Record Grading: Mint (M)
Sleeve Grading: Mint (M)
Seller: Heritage Auctions
Seller’s Comments: “Beatles Yesterday And Today Sealed First State Stereo “Butcher Cover” LP in GEM MINT 10 Condition (Capitol, 1966). This was the ninth US release by Capitol Records, June 20, 1966. The title was based on the inclusion of the hit “Yesterday.” As always with Capitol, the album was a mish-mash of songs and has no British counterpart at all: two cuts were from the UK Help! LP; four tracks from the UK version of their previous LP Rubber Soul; both sides of the single “Day Tripper / We Can Work it Out” are included; and also three songs from their not-yet-released Revolver album. The Beatles resented how their US record company did this as they always put a lot of thought and effort into the tracks and order on all their UK albums. The (in)famous “butcher” photo was taken early in 1966 by Robert Whitaker and actually had a title: A Somnambulant Adventure. Whether or not it was a Vietnam protest or a protest against Capitol “butchering” their records, the fact is that it became the official album cover and when first seen by DJs and record stores, there was an immediate and negative reaction to its graphic nature. Capitol recalled all the “offensive” albums and, in many cases, glued what’s generally called the “Trunk Cover” over it (known as a “second state”). This is how most people have seen it. The original albums that were saved from destruction or the glue-over process, such as this one, are known as being “first state.” Condition: GEM-MT 10 with some minor yellowing on the white borders from age, as would be expected. Record pressing plant code on the reverse is “2” indicating that it was produced at the Scranton, Pennsylvania plant.

A very limited number of “first state” albums got out and were kept by journalists, radio stations, and record company executives.
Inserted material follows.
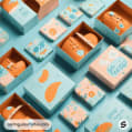 Assorted playful box designs in orange and blue with shoe and fruit graphics.
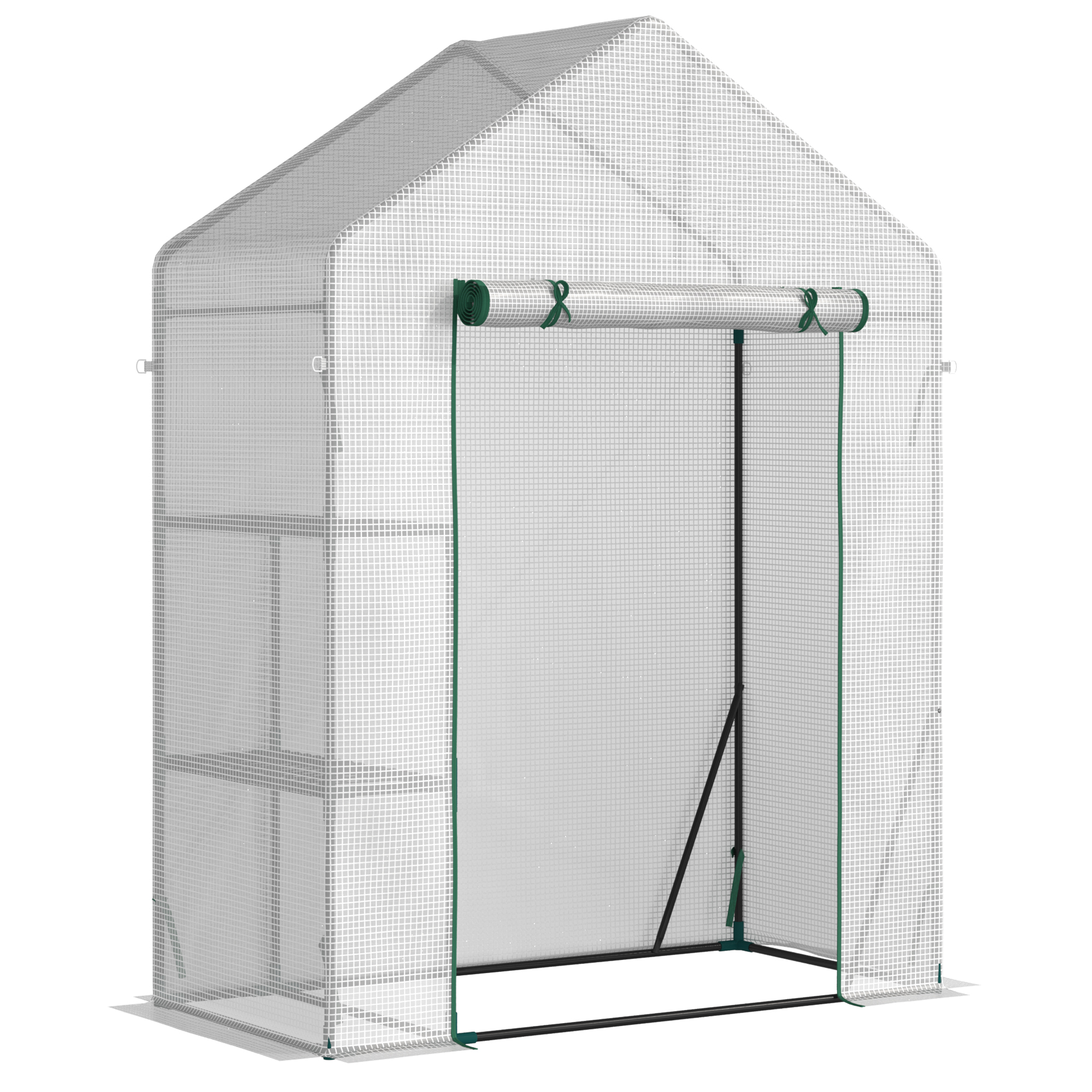 Outsunny Greenhouse for Outdoor, Portable Gardening Plant Grow House w/ 2 Tier Shelf, Roll-Up Zippered Door, PE Cover, 143x73x195cm, Green | Aosom UK

In 1966, stereo had yet to take over the marketplace (for one thing, they cost more than the mono copies); it has been estimated that mono was produced in a ten to one ration over the stereo version. There were certainly fewer of these that found their way into collections. Again, a much smaller number of these were never removed from their shrink wrap. An infinitesimal number of those still-sealed examples were kept in the beautiful condition of this one. Don’t let this opportunity pass you by! We feel certain that this is a virtually unimprovable example of this incredibly rare and hugely collectible album. There’s possibly not a serious Beatle record (or memorabilia) collector alive that doesn’t already have or would love to own any example of a “Butcher Cover”. As a first generation Beatle fan, your writer can still remember the day in 1984 that I bought my first example of this legendary piece of pop culture. It was a nicely-peeled “third state” example at a record store in Austin, Texas, and I was thrilled to have finally acquired one; I still have it. I would certainly love to have this one, but I’m happy just to have had it on my desk for a while today.

Included with the album is a typed letter signed by the Acting Director stating that the current owner had purchased it from the Greenfield Community College Library when it was deaccessioned in 1990; it had originally been part of an estate donated to the college in 1979.”